Thursday, January 31, 2008

A tough time for the Fed

Yesterday the Federal Reserve cut the federal funds rate by another 0.50%, after a between-meetings cut about week before. The Fed was reacting to a credit crunch and the slackening of economic growth stemming from troubles in the housing market.

But at the same time, overall consumer price inflation was up 4.1 percent in December over a year earlier. While the "core" rate (less food and energy) was up only 2.4 percent, inflation is still clearly a concern. Per the Humphrey/Hawkins legislation, the Fed has twin goals of full employment in addition to price stability, but the latter concern seems to have taken a back seat recently.

This is arguably for good reason. The Fed is probably gambling that inflation will remain tame either because (1) much of the recent surge is due to energy prices, which are unlikely to be affected much by U.S. domestic developments, or (2) the deceleration in aggregate demand we have recently seen should dampen prices anyway.

Keep your fingers crossed! But it probably isn't time to jump to inflation-indexed bonds if you don't own them already.

Military service and health

As discussed by the New York Times, the New England Journal of Medicine published a research article on mild brain trauma among Iraq War veterans and psychiatric symptoms like PTSD.
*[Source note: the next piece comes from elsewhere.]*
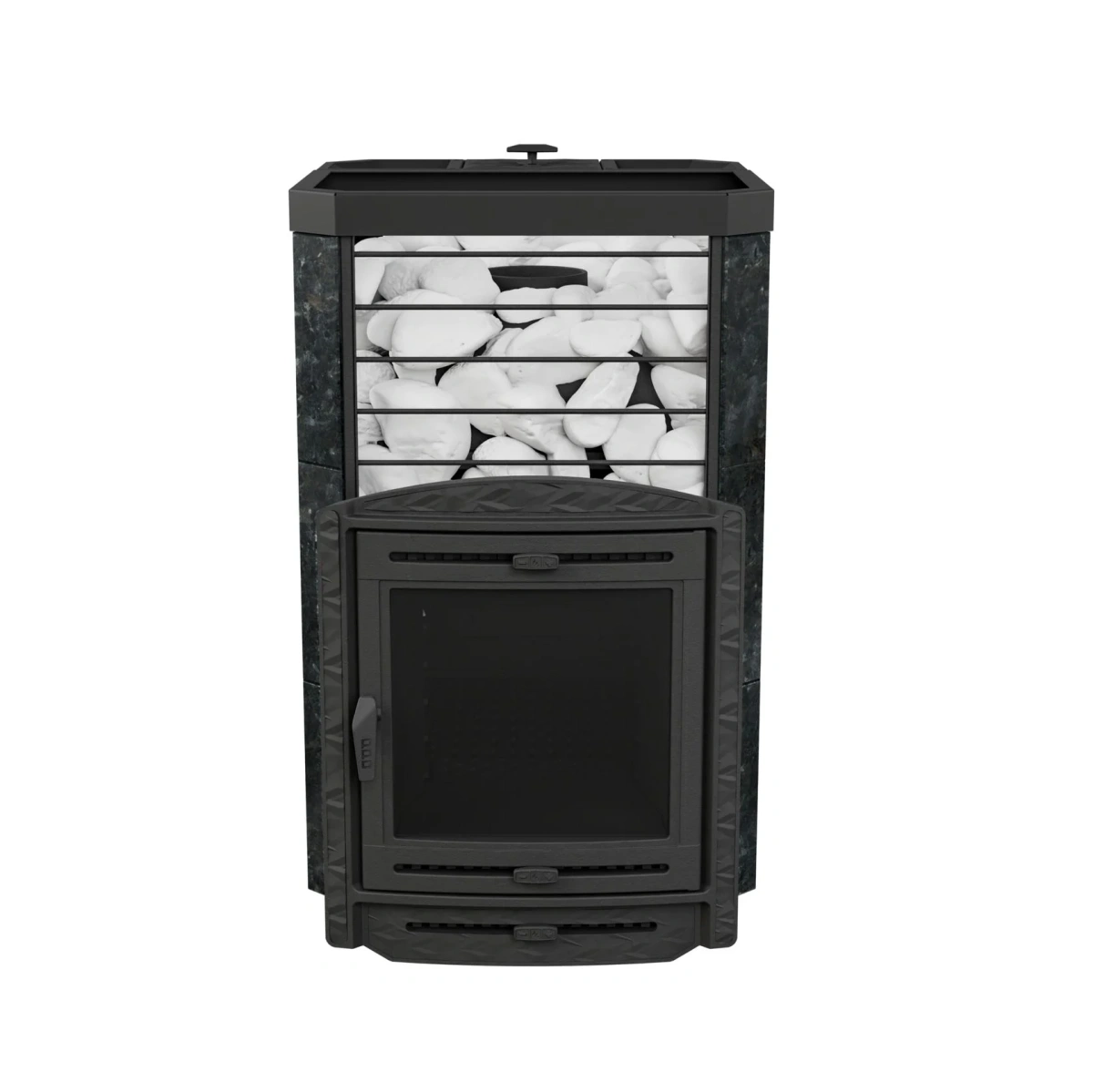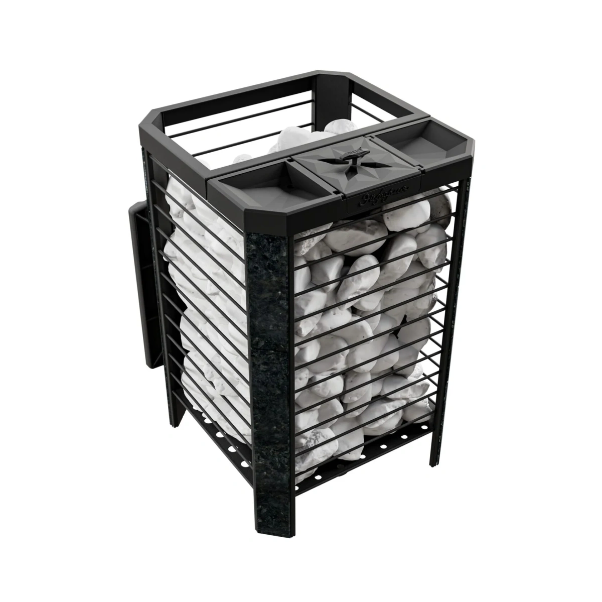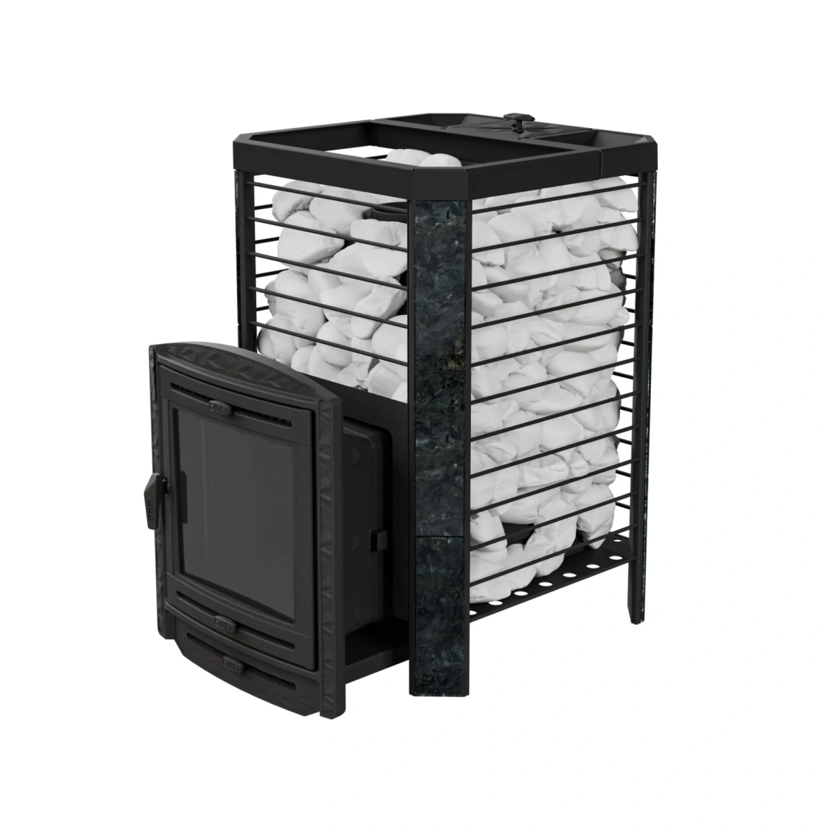 Модель повышенной мощности, обеспечит максимальное количество пара в больших помещениях. Кожух печи изготовлен в виде сетки из нержавеющей стали с прямоугольными ячейками и полностью заполняется природными камнями, обеспечивая высокую динамику нагрева парильного помещения.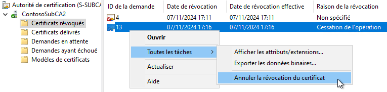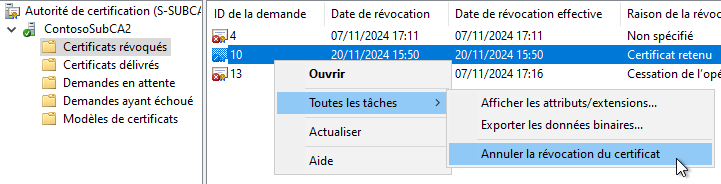 Logique. À présent, si je tente la même opération avec un certificat révoqué dont le code de raison est "Certificat retenu", tout fonctionne. Le certificat sort de la liste de révocation et il repasse dans "Certificats délivrés". Il y a donc une réelle incidence sur la faisabilité de cette action en fonction du code de raison retenu.

A colleague of mine, Alair MacLean, studies combat exposure and life outcomes among veterans. The costs of military service are considerable, and I think it is an open question whether the government compensates veterans enough for having borne them.

Wednesday, January 30, 2008

An inversion of a notorious inequality

In 2006, the Times reported a key finding of Andy Beveridge's group at Queens College, City University of New York, about the black/white income differential in Queens County.
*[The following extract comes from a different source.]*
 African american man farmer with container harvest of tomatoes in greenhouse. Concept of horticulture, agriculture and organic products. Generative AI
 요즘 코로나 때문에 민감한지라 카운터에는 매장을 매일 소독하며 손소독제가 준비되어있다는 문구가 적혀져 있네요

Beveridge found, in the Census Bureau's 2005 American Community Survey, that median household income for African Americans in Queens County was $51,836, nearly even but still surpassing that for whites, $50,960. The median Asian household received $52,998.
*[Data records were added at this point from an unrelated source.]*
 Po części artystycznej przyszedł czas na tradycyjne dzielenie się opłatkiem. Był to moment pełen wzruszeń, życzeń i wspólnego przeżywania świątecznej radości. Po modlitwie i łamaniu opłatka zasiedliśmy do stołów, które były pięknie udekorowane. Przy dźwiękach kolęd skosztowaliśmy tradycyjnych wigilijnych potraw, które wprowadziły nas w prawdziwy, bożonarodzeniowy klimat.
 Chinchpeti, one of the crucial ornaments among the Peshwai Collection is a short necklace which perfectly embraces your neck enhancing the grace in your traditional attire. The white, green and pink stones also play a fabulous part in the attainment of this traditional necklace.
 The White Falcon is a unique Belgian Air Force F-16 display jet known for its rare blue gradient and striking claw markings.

The article discusses a number of reasons why this might be true. An unanswered question I'm interested in: does this inversion of the race differential show up in health statistics as well?

Friday, January 25, 2008

Tax rebate details

The Washington Post presented a clear overview of the tax rebate (a.k.a. fiscal stimulus) package agreed upon by House leaders and the White House.

Unlike the 2001 cut, the rebate checks will phase out to zero beginning for individuals above $75,000 and couples above $150,000 in adjusted gross income.

Wednesday, January 23, 2008

It only sounds insane

Len Burman of the Urban Institute dropped a bomb on the Times op-ed page today. He suggests rolling back the Bush income tax rate cuts a year early, in 2009, rather than in 2010, when they are currently set to expire.

He sounds nuts, but Burman makes a subtle point: if taxpayers expect a higher tax rate in 2009, they will shift some taxable activity, in this case working, into 2008 instead. And that should help stimulate the economy.

Despite what Burman and others have said regarding the 2001 fiscal reform, I doubt this would have as stimulative an effect as a broad-based tax cut that placed rebate checks in the hands of a lot of folks. But it is an interesting, although a completely counterintuitive and probably DOA, proposal.

Monday, January 21, 2008

Child sex preference and development

Back in December, the New York Times reported on the evolution of child sex preference in South Korea. The view advanced was that increased female labor force participation, a necessity of industrial progress, had raised the economic value and social status of girls.

Saturday, January 19, 2008

Fiscal stimulus and macro impacts

Events have moved quickly over the past two weeks, and chances of a fiscal stimulus package passing Congress and getting signed by the President look surprisingly good.

Policymakers and their advisors are struggling to settle on the optimal design of the package, and as reported by the NY Times, it's because we don't know exactly what happened in July and August of 2001 when the tax rebate checks were sent out. The events of 9/11 produced basically a coincident shock, and it is tough to disentangle the responses.